*Work order*. Repeat the records below exactly from the line containing "2月1日,國(guó)家能源" to the line containing "(Cincinnati Reds, HOF).", taking in both of those lines. Drop the pictures.

[[ Working data open ]]

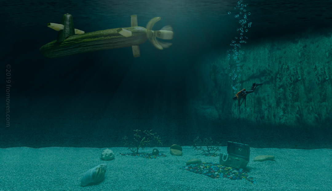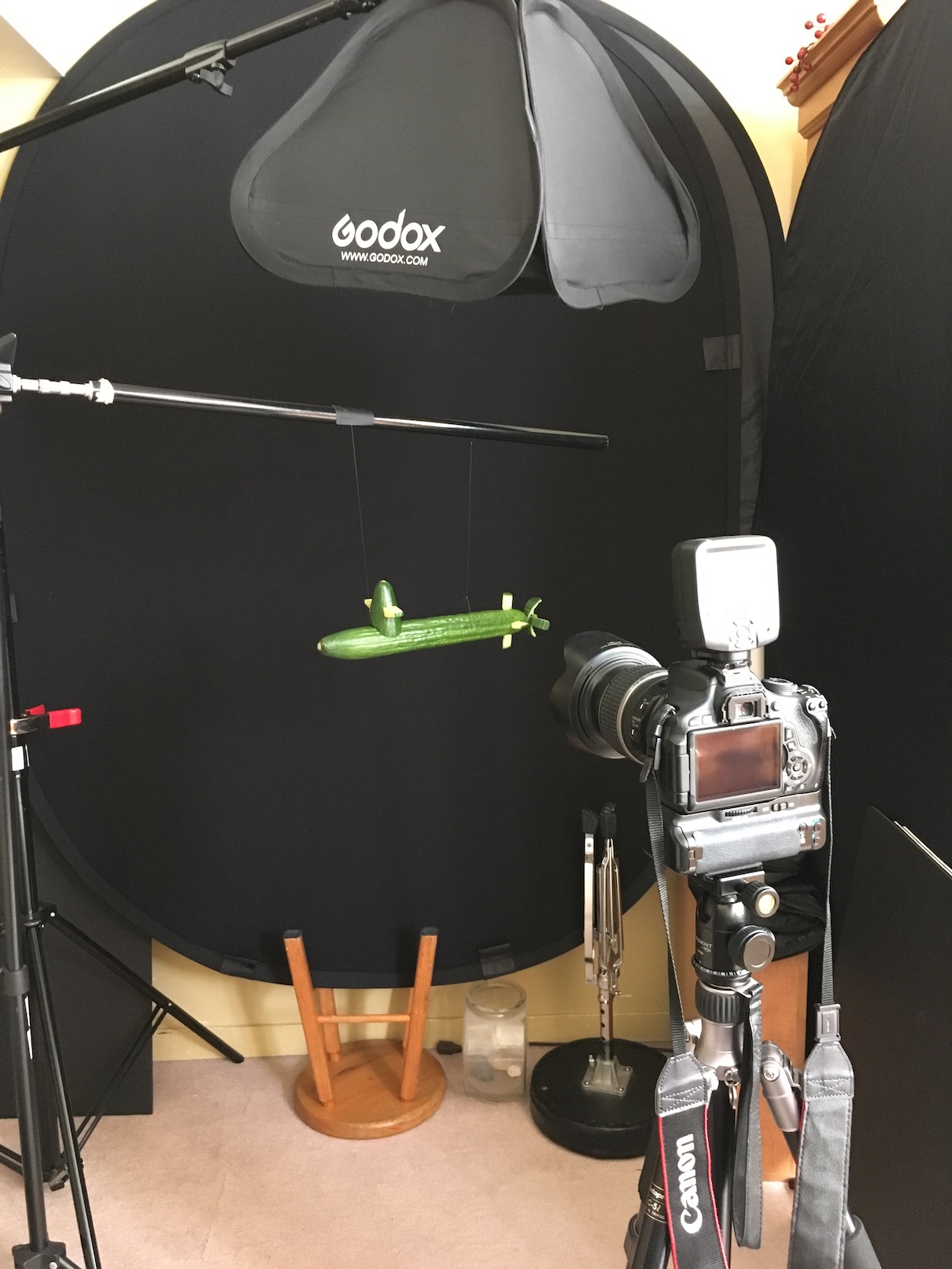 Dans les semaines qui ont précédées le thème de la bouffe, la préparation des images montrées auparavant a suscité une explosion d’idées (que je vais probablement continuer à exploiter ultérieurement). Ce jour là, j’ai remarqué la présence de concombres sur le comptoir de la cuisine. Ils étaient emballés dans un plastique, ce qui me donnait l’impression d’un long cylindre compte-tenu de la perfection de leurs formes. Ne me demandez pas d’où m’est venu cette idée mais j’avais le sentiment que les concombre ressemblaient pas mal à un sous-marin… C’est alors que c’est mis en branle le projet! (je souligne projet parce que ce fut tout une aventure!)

[[ Working data closed ]]
[[ Working data open ]]

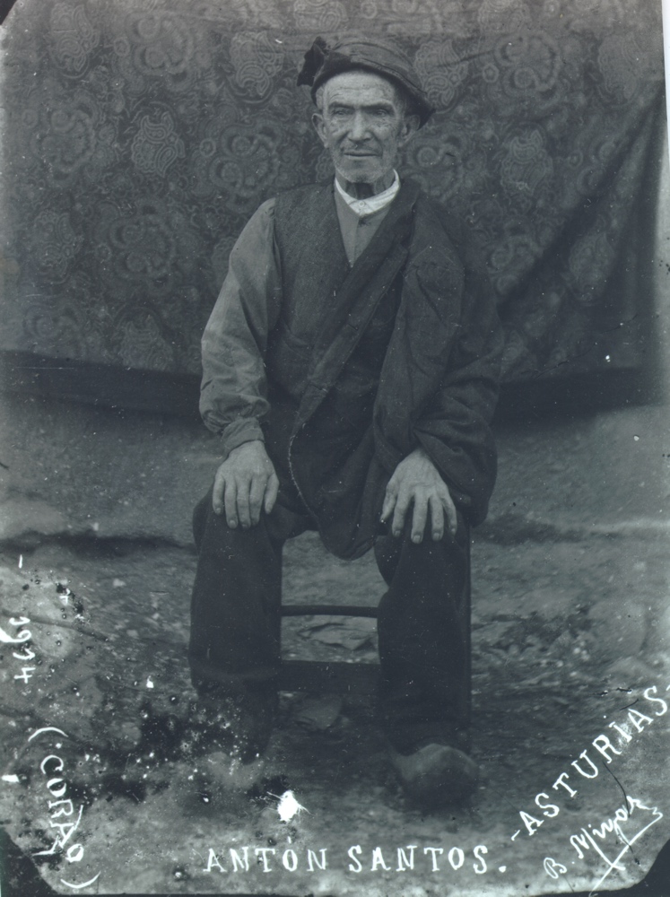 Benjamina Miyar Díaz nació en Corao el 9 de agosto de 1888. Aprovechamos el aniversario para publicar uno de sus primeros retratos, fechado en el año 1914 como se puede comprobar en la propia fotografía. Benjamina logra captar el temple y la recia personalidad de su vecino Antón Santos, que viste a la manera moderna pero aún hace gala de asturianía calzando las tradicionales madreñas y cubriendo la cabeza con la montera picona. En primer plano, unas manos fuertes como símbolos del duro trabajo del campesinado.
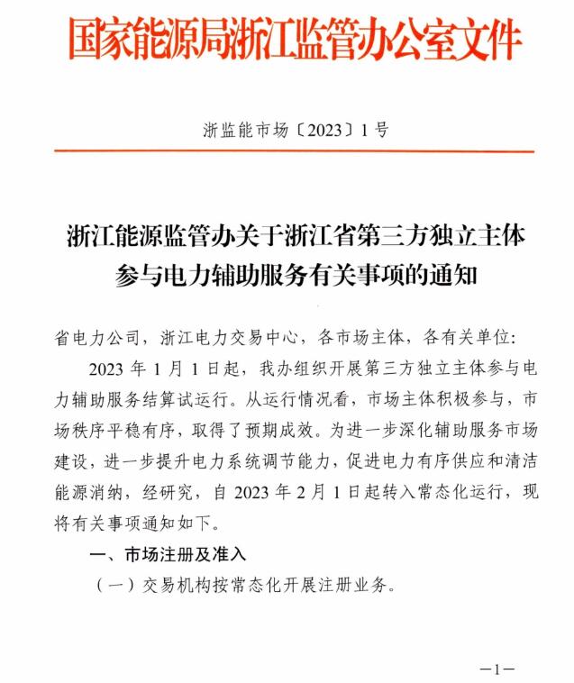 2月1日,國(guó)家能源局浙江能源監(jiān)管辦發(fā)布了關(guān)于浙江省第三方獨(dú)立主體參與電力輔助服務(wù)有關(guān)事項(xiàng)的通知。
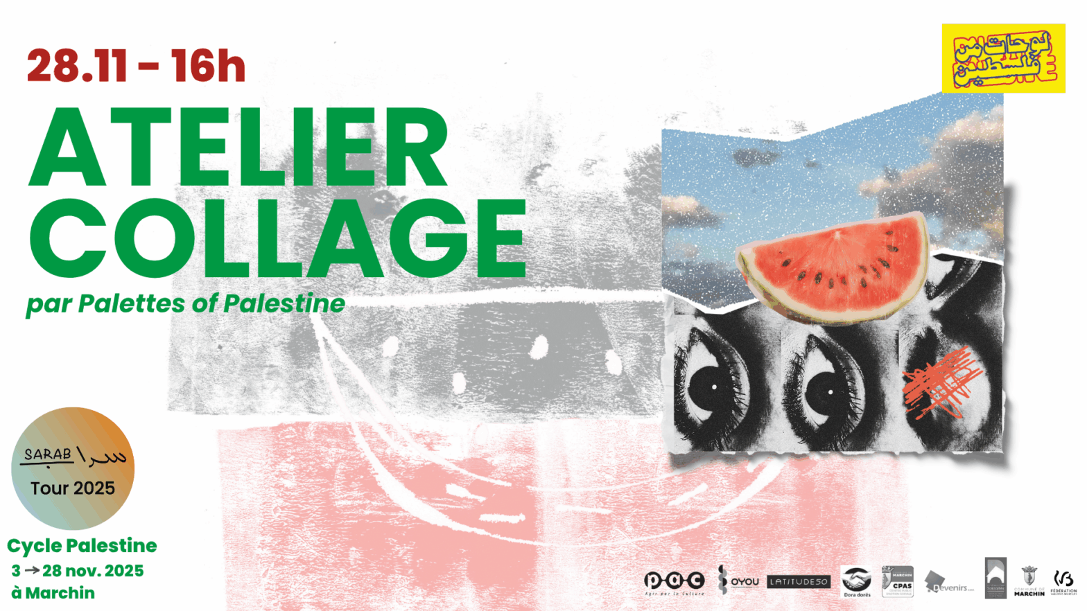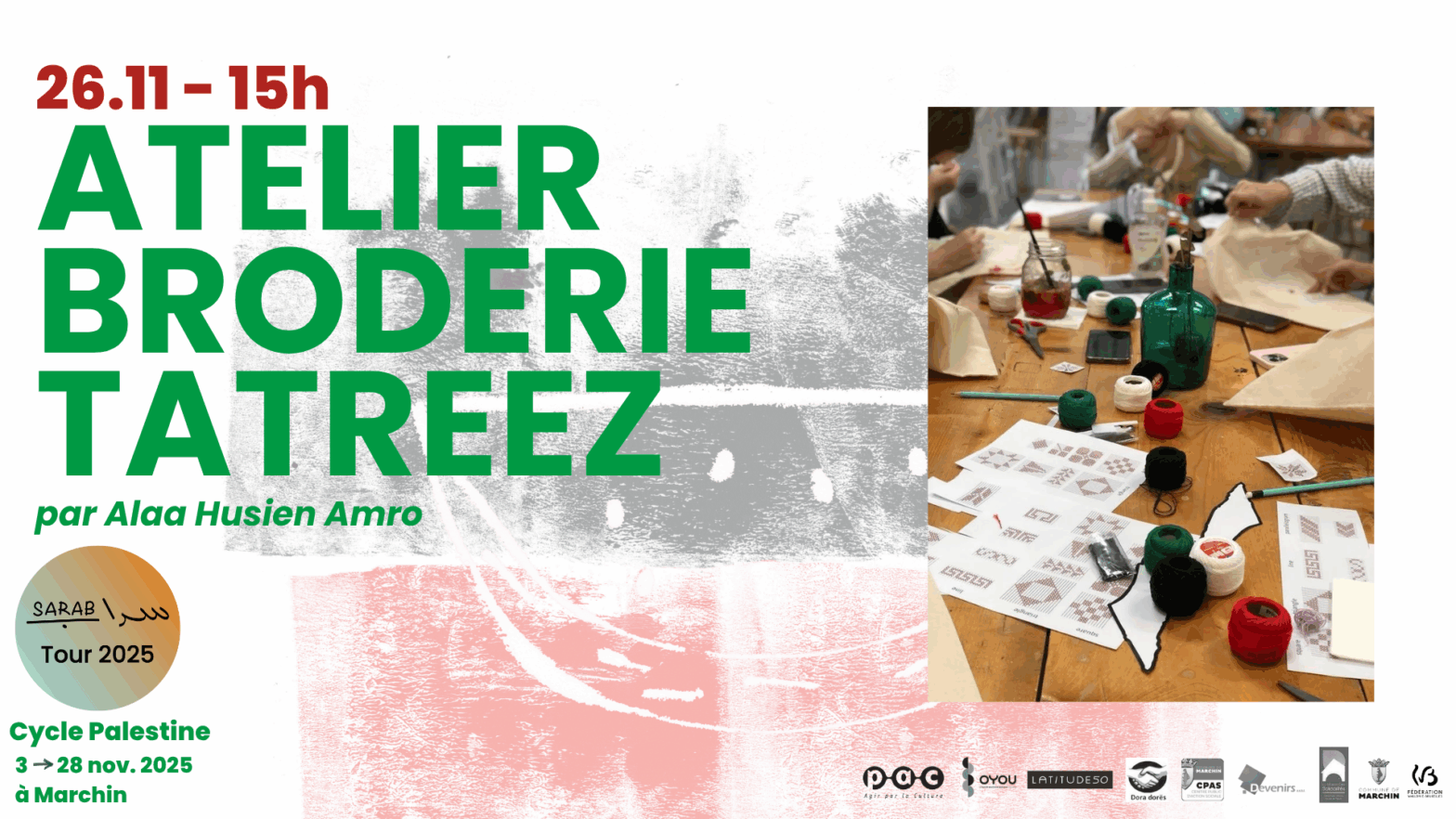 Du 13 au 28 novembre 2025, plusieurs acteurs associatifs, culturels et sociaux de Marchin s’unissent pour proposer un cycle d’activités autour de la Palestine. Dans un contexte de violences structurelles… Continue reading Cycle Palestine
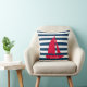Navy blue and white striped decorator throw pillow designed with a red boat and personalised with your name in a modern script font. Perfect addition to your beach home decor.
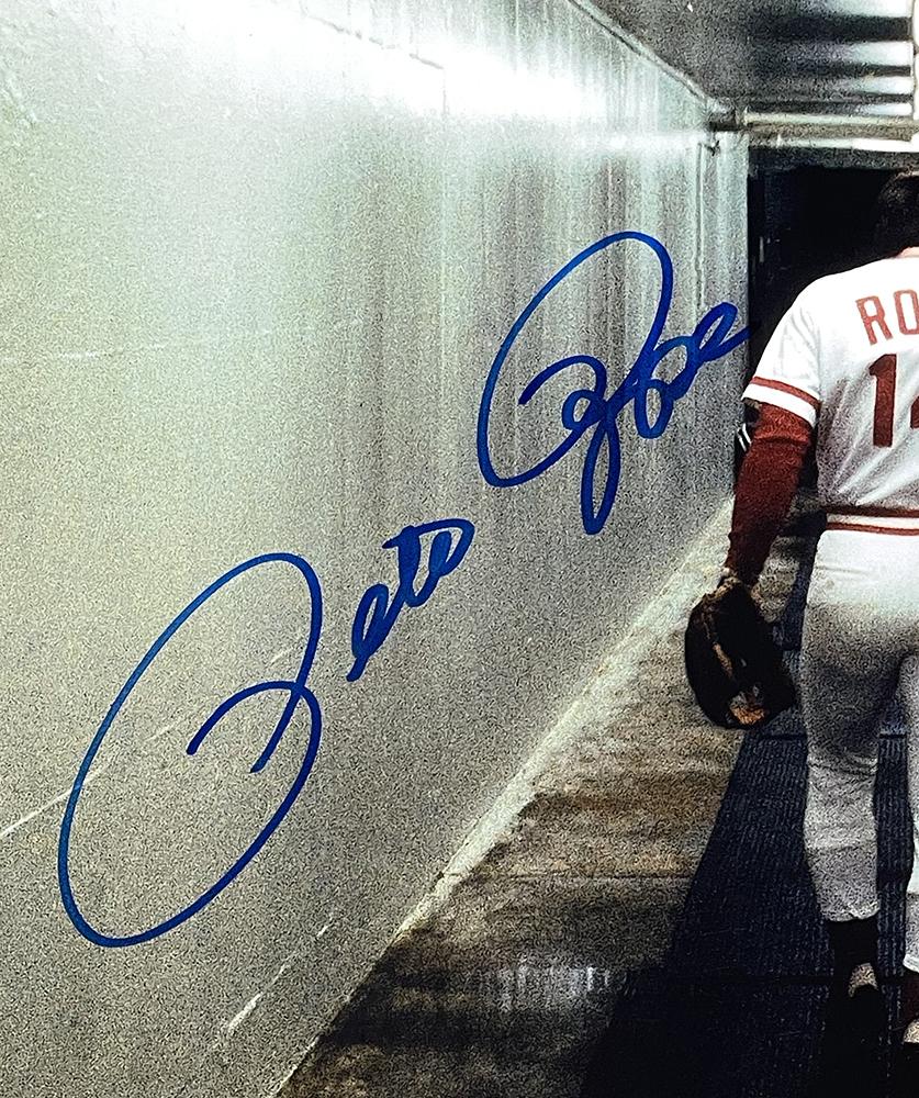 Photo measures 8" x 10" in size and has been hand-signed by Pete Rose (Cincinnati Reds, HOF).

[[ Working data closed ]]
[[ Working data open ]]

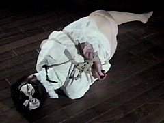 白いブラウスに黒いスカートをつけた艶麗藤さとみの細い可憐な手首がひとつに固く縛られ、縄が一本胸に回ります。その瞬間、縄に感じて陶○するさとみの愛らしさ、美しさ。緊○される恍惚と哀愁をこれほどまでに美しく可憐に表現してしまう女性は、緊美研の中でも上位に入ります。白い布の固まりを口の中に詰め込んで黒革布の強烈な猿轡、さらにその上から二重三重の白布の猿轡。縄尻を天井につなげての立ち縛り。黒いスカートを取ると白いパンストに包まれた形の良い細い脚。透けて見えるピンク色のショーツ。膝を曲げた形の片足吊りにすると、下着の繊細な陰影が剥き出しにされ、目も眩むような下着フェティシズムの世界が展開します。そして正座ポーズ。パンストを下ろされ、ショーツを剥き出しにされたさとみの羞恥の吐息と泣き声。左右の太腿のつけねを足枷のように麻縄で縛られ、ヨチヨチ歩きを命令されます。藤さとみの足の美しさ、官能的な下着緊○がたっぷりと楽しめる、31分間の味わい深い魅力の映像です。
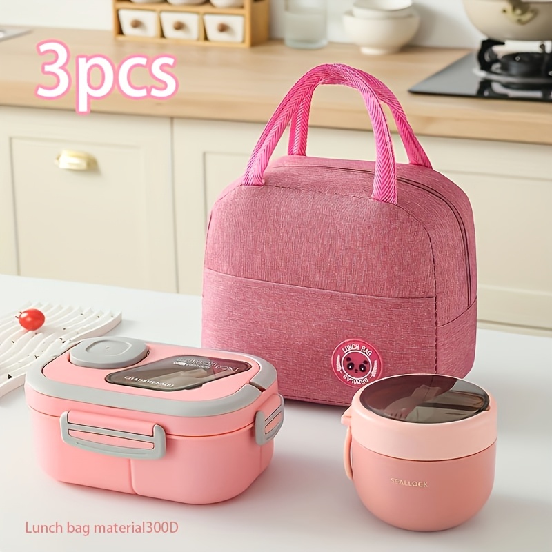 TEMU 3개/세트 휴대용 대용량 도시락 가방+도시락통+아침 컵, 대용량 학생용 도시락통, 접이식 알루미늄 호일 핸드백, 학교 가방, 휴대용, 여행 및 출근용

[[ Working data closed ]]

*Response*.
 2月1日,國(guó)家能源局浙江能源監(jiān)管辦發(fā)布了關(guān)于浙江省第三方獨(dú)立主體參與電力輔助服務(wù)有關(guān)事項(xiàng)的通知。
 Du 13 au 28 novembre 2025, plusieurs acteurs associatifs, culturels et sociaux de Marchin s’unissent pour proposer un cycle d’activités autour de la Palestine. Dans un contexte de violences structurelles… Continue reading Cycle Palestine
Navy blue and white striped decorator throw pillow designed with a red boat and personalised with your name in a modern script font. Perfect addition to your beach home decor.
 Photo measures 8" x 10" in size and has been hand-signed by Pete Rose (Cincinnati Reds, HOF).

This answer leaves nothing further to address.